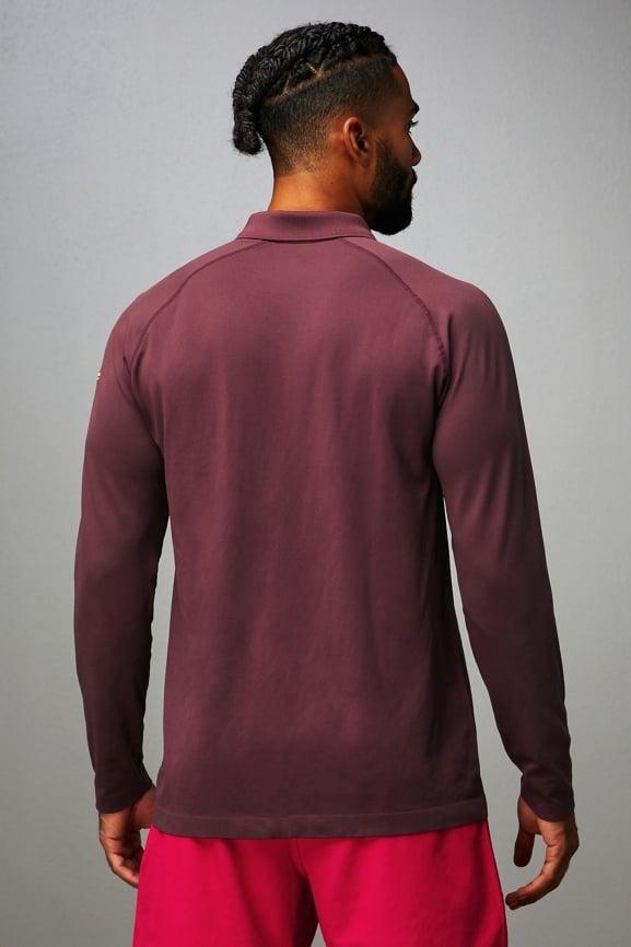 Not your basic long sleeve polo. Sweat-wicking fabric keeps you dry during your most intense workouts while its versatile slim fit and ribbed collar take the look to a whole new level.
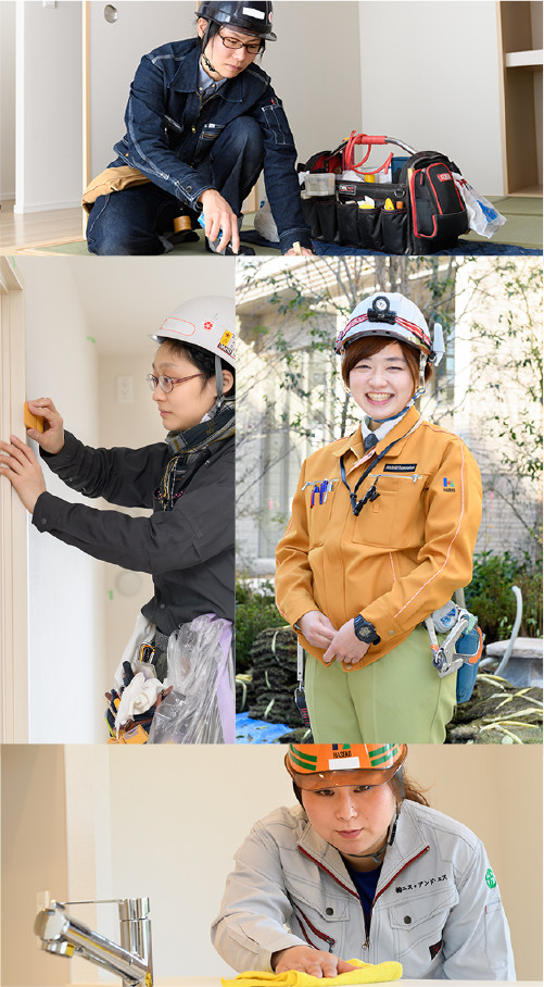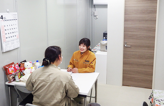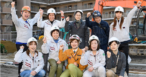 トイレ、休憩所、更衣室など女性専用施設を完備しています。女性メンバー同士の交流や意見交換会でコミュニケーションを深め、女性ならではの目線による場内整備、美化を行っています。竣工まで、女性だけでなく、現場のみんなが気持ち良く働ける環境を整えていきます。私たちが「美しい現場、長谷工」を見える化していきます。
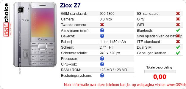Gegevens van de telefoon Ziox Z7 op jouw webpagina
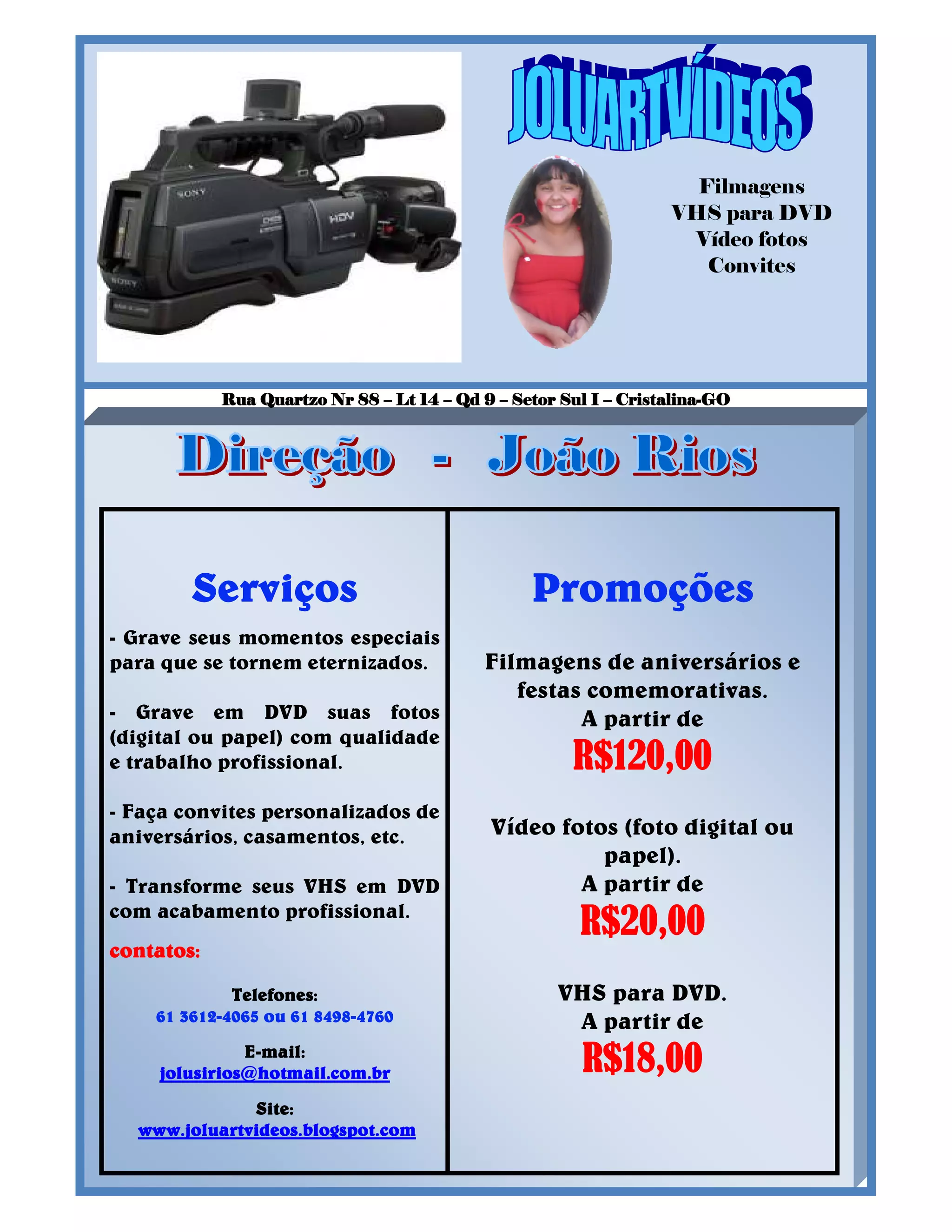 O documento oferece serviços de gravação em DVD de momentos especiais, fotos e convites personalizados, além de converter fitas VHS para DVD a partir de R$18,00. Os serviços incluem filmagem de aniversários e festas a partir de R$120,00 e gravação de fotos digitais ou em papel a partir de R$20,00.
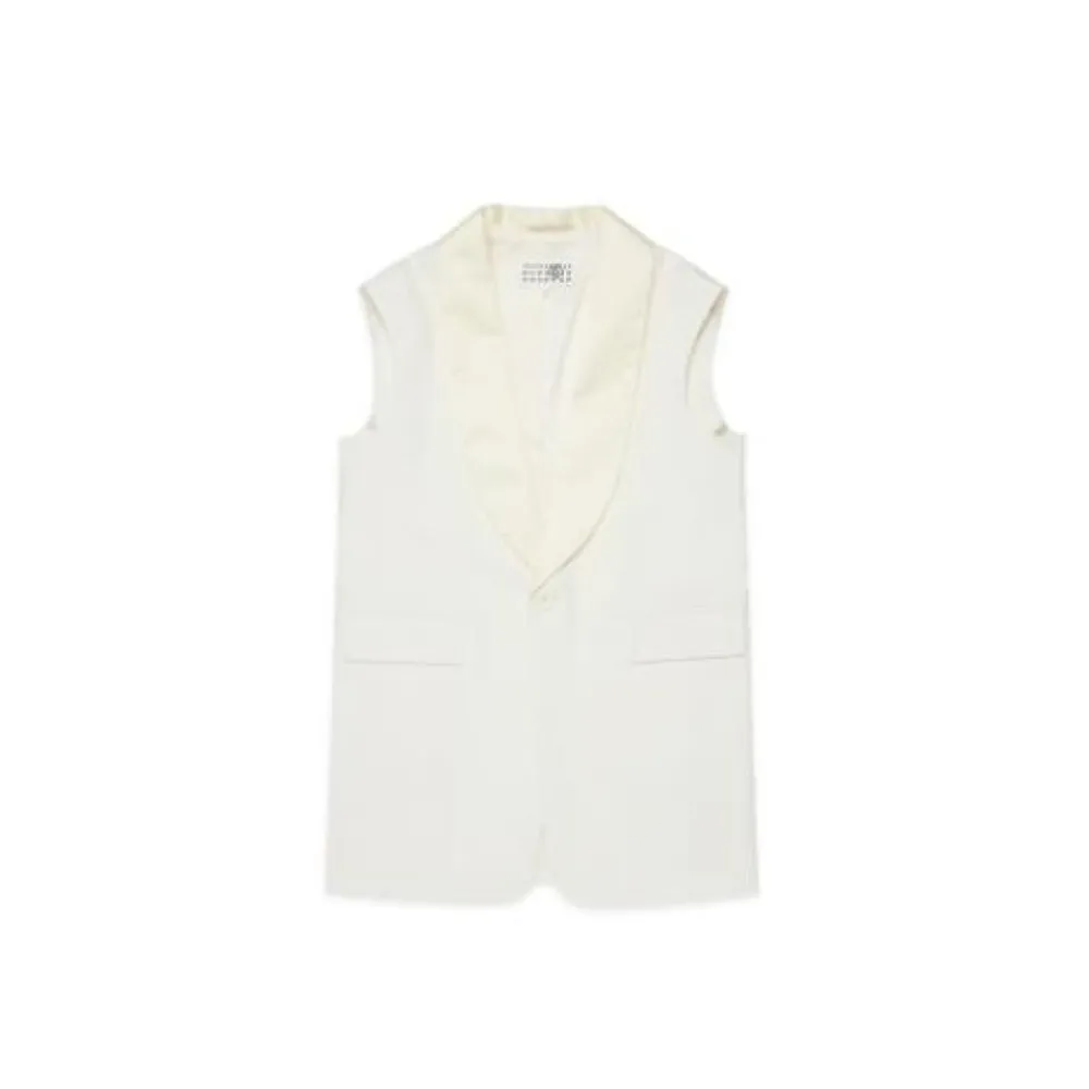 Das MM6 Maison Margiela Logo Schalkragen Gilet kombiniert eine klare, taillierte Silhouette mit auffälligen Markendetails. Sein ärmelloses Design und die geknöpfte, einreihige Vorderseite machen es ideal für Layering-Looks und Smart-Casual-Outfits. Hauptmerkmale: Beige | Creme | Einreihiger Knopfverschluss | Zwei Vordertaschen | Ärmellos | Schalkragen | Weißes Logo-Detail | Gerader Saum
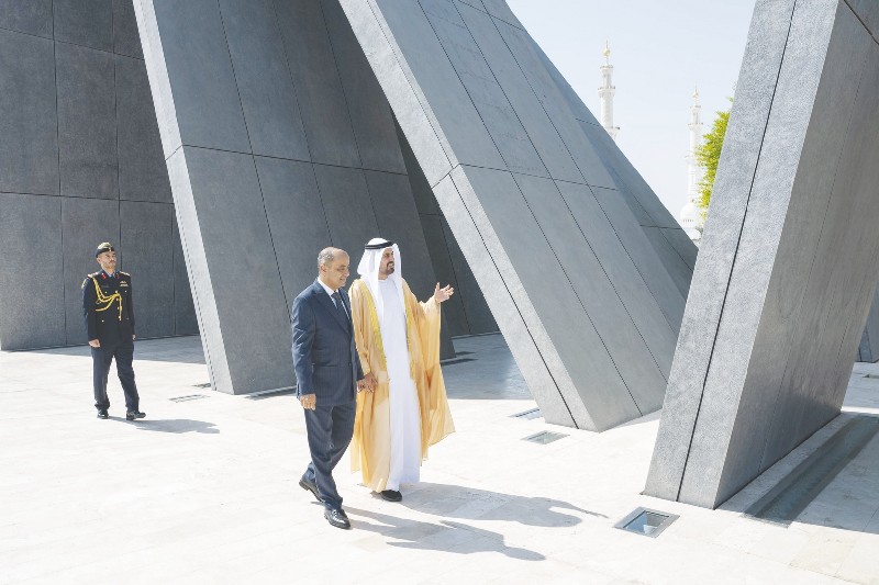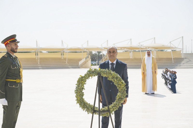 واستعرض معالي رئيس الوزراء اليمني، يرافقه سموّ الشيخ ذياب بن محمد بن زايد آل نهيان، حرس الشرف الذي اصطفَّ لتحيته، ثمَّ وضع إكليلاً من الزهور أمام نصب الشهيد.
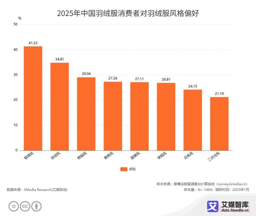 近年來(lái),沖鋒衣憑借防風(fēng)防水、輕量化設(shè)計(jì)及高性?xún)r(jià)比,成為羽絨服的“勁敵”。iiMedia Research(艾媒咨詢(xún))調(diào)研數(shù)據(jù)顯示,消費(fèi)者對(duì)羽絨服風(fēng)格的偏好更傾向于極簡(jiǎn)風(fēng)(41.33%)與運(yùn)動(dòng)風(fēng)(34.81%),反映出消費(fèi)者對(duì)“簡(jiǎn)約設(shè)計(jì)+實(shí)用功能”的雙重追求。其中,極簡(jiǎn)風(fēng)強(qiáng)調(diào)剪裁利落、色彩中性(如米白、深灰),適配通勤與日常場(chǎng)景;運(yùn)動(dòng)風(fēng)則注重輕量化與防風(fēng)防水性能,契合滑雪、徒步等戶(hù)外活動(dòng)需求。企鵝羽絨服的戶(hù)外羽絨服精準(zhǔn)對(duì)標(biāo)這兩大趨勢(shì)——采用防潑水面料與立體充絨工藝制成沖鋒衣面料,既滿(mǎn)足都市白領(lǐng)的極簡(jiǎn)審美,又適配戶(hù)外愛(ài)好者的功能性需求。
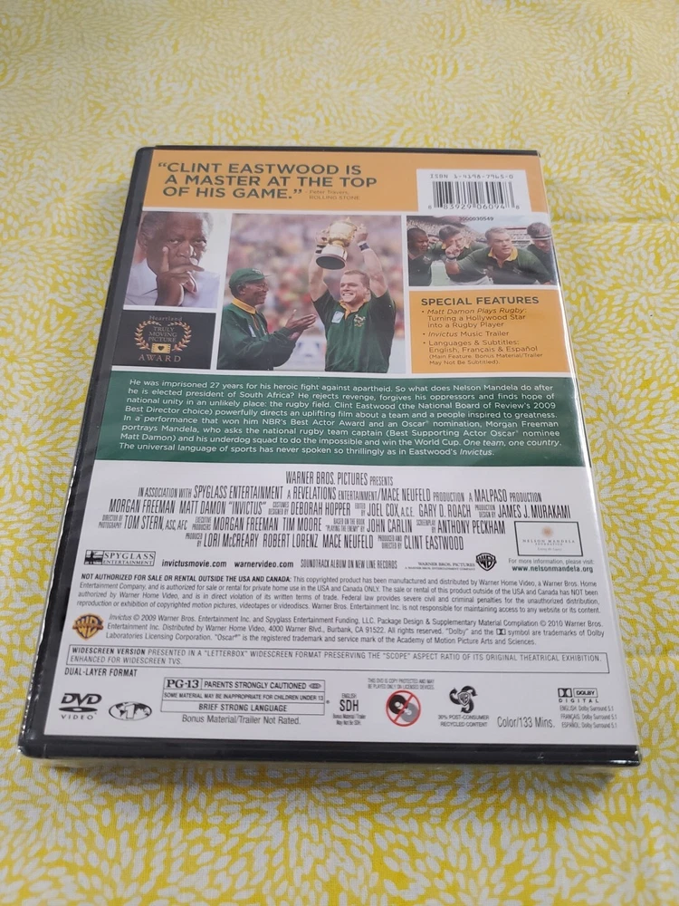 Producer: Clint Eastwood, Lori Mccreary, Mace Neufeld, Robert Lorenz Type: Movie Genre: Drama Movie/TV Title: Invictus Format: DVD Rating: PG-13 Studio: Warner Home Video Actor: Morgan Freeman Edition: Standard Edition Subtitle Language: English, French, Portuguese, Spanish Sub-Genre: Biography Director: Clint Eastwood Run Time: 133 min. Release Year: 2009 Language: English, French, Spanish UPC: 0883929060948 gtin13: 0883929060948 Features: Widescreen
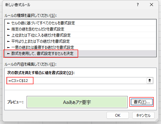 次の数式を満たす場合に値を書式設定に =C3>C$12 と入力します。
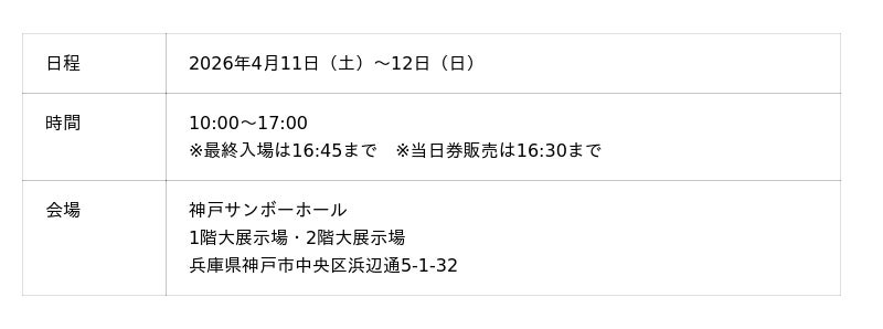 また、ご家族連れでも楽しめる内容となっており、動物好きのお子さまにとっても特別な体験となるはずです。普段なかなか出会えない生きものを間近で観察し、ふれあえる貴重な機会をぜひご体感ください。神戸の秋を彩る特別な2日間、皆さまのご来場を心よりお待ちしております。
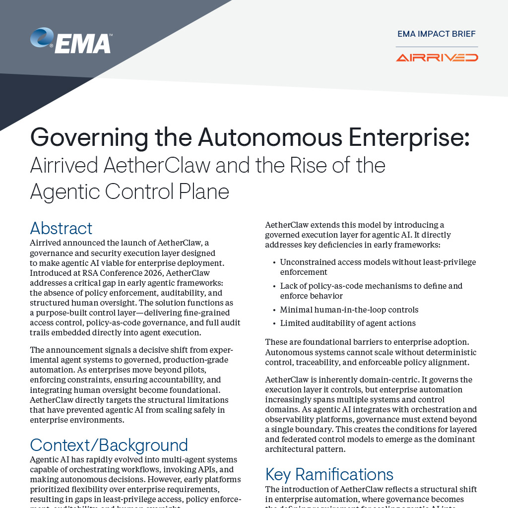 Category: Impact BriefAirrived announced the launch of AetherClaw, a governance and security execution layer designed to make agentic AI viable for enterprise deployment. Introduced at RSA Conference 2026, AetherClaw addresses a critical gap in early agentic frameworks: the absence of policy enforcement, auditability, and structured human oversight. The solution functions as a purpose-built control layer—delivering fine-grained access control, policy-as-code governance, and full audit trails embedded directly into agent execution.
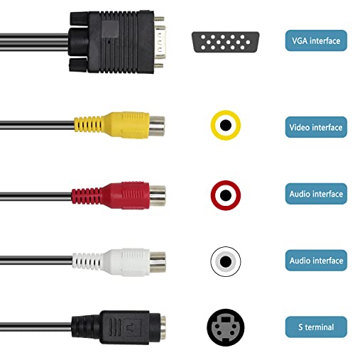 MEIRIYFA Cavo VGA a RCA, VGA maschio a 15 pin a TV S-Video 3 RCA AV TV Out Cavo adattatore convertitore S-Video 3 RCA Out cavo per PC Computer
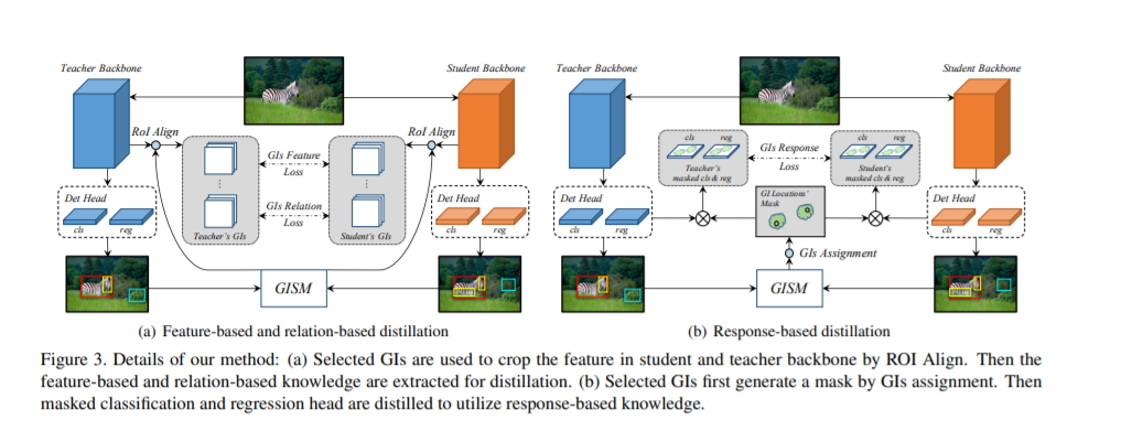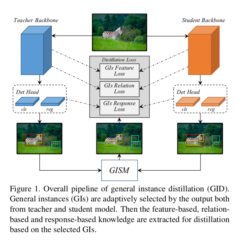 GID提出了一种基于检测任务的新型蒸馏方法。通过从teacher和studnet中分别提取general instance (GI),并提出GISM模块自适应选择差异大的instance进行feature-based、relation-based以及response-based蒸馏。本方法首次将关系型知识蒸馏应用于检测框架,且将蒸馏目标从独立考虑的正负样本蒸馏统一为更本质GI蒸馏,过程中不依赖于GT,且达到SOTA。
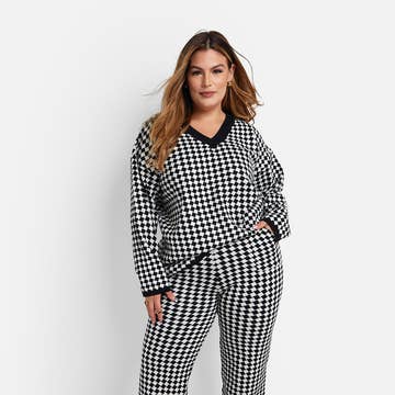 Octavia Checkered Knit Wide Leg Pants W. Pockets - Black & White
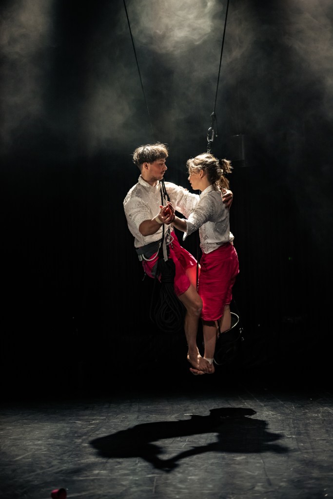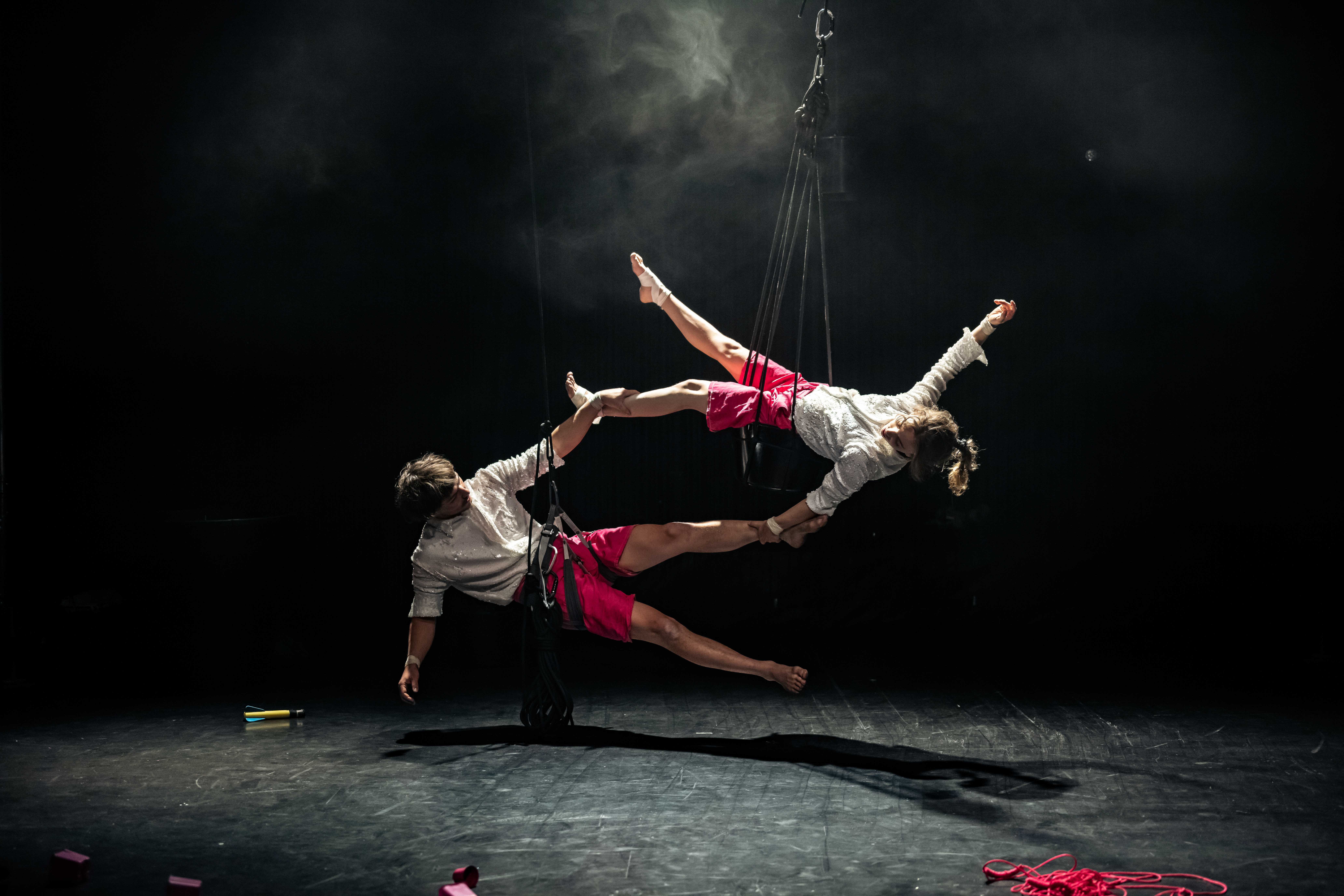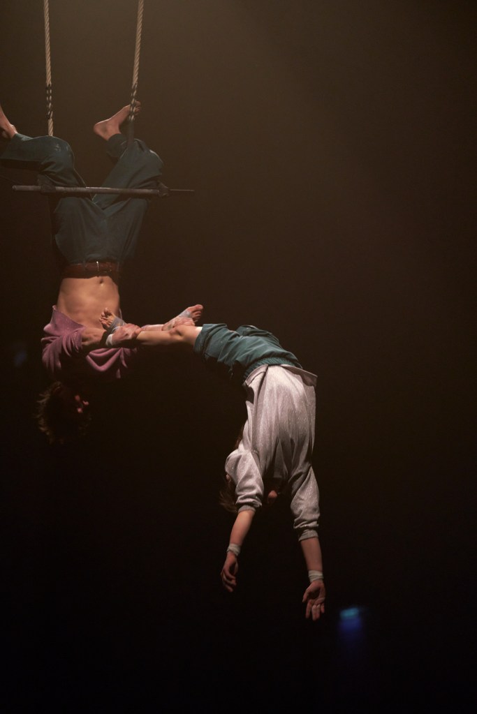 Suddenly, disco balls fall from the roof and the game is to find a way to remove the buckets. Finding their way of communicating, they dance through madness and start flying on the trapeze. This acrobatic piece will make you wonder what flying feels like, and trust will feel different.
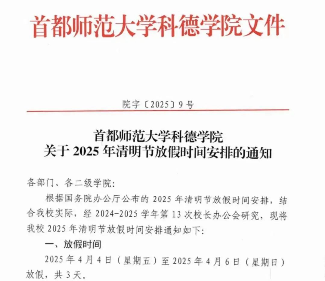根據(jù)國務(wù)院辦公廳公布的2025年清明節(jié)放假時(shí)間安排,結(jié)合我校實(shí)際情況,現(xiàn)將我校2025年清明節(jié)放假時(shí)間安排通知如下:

^^^^

YOUR TASK: Word for word, restate the lines above from the one with "Gegevens van de" through the one with "واستعرض معالي رئيس", keeping both ends and dropping the pictures.

ANSWER SECTION:
Gegevens van de telefoon Ziox Z7 op jouw webpagina
 O documento oferece serviços de gravação em DVD de momentos especiais, fotos e convites personalizados, além de converter fitas VHS para DVD a partir de R$18,00. Os serviços incluem filmagem de aniversários e festas a partir de R$120,00 e gravação de fotos digitais ou em papel a partir de R$20,00.
 Das MM6 Maison Margiela Logo Schalkragen Gilet kombiniert eine klare, taillierte Silhouette mit auffälligen Markendetails. Sein ärmelloses Design und die geknöpfte, einreihige Vorderseite machen es ideal für Layering-Looks und Smart-Casual-Outfits. Hauptmerkmale: Beige | Creme | Einreihiger Knopfverschluss | Zwei Vordertaschen | Ärmellos | Schalkragen | Weißes Logo-Detail | Gerader Saum
 واستعرض معالي رئيس الوزراء اليمني، يرافقه سموّ الشيخ ذياب بن محمد بن زايد آل نهيان، حرس الشرف الذي اصطفَّ لتحيته، ثمَّ وضع إكليلاً من الزهور أمام نصب الشهيد.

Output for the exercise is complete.